The Bethesda-based company said Wednesday that its profits rose to $136 million, or 43 cents per share, up from $104 million, or 30 cents per share in the same quarter last year.
“Resorts in Florida and the Caribbean and ski resorts out West were very strong,” said Laura Paugh, senior vice president of investor relations for Marriott. “The only weak part of the business was group bookings.”
Group bookings in North America were up about 4 percent, but Paugh said suburban areas such as Crystal City and Pentagon City were particularly hard hit by sequestration and pullbacks in Defense Department spending.

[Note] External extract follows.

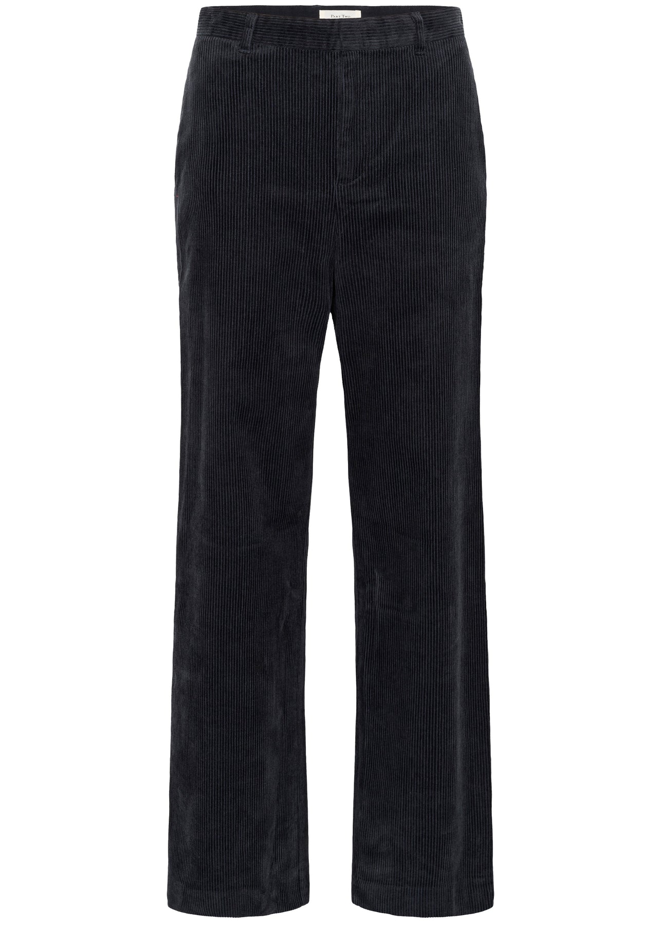 Lækre mørkeblå fløjlsbukser fra Part Two. Bukserne er mellemhøje i livet, har sidelommer, paspolerede baglommer og brede ben.

Marriott’s revenue grew 23 percent to $3.1 billion from $2.6 billion a year earlier.
The amount of revenue generated per available hotel room, a key industry metric, grew 5.8 percent in North America to $179.53, exceeding peak 2007 levels, according to Arne M. Sorenson, Marriott’s president and chief executive
“Our business has seen dramatic recovery in the past few years,” Sorenson said in a statement.
In the Washington area, revenue-per-available-room inched up about 3 percent,in large part because of the presidential inauguration.
“But after that, we’ve seen a drop-off in government business,” Pauch said.
The company opened 32 new hotels in the first quarter, including The Ritz-Carlton Abu Dhabi.
Marriott also announced Wednesday that it was raising its projections for the full year. The company now expects annual profits between $1.93 cents per share and $2.08 per share, a 3 cent increase from previous estimates.